Я лишь предупредил его:

— Тогда будьте осторожнее, инспектор. Не обожгитесь…

И сел в свой бронированный Паккард.

Напротив офиса, согреваясь, прыгал на снегу уже знакомый мне мужчина. Я вышел из авто и удивлённо уставился на него. Кислов же стоял чуть впереди, готовый в случае чего, ринуться в бой.

— Мистер Марсо? Какая неожиданность… — бросил я, глядя на чиновника бюро по делам детей Нью-Йорка, — Какими судьбами?

На Дина было жалко смотреть. От былой спеси не осталось и следа. Он воровато оглядывался по сторонам и сутулился, кутаясь в поднятый воротник.

— Мистер Соколов… — он попытался нацепить на лицо маску деловитости, — Я хотел бы обсудить с вами некоторые… эээ… общие дела.

Я деланно удивился:

— Разве у нас такие есть?

— Вы же понимаете: о чём я… — поморщился Марсо и показал мне смятую газету с надписью на полях.

— Не понимаю, — усмехнулся я.

Он начал терять терпение:

— Мне хотелось бы поговорить без свидетелей, — он кивнул на Кислова, стоя́щего рядом и смотрящего на чиновника как на вошь, что угнездилась на солдатской шинели.

— Приглашения внутрь вы от меня не дождётесь, мистер Марсо, — ухмыльнулся я и махнул на двери своего офиса, — Кредит доверия у меня к вам очень быстро закончился.
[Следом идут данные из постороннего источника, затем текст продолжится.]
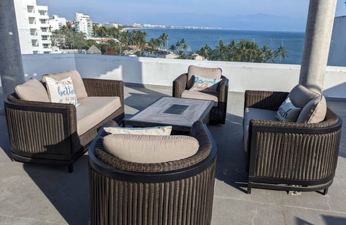 Modern 6th floor penthouse in Bucerias with stunning views of the Bay of Banderas, Sierra Madre Mountains and just steps away from the beach. Conveniently located to restaurants, shops and activities.

Хотите говорить — прогуляемся.

Дин посильнее запахнул пальто и двинулся рядом. Я сделал знак Кислову идти чуть поодаль. И молчал, предоставляя Марсо право говорить первым. Теперь не я к нему пришёл, а он ко мне.
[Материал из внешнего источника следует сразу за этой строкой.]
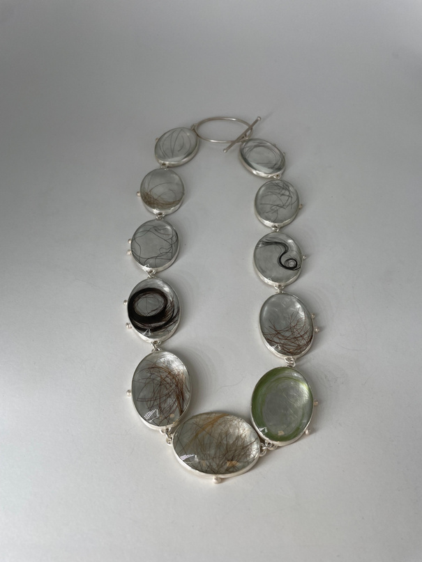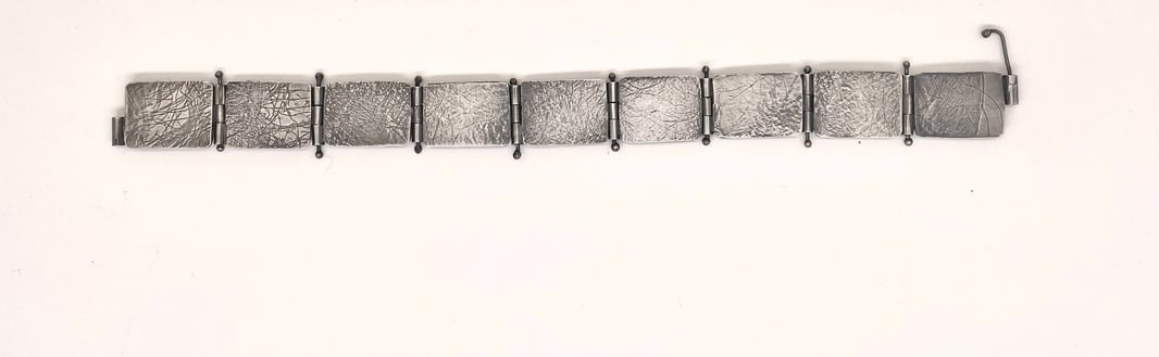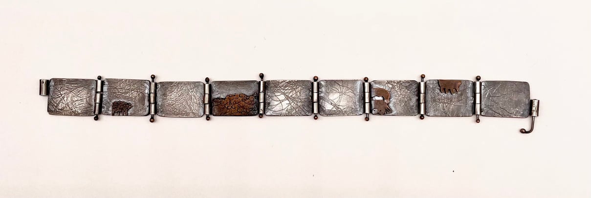 I roller printed silver sheet with hair for two reasons: it makes the bracelet have a hazy feeling, and so much of the history of New England’s nature has to do with sheep. I added four small important images using shibuichi, an alloy of copper and silver, to have a color contrast. The images consisted of a small sheep, a stone wall, a train, and cow utters. I continued the shibuichi in the rivets for the hinges to add contrast throughout the piece.

— Между нами вышло небольшое недопонимание… По поводу Анастасии Джонс. Я повёл себя чересчур резко. Весь, знаете ли, на нервах в последнее время из-за нагрузки на работе… — самозабвенно врал Дин.

Ага, это в его департаменте, где и посетителей почти нет… Ну-ну! Умаялся, наверное, бедняга.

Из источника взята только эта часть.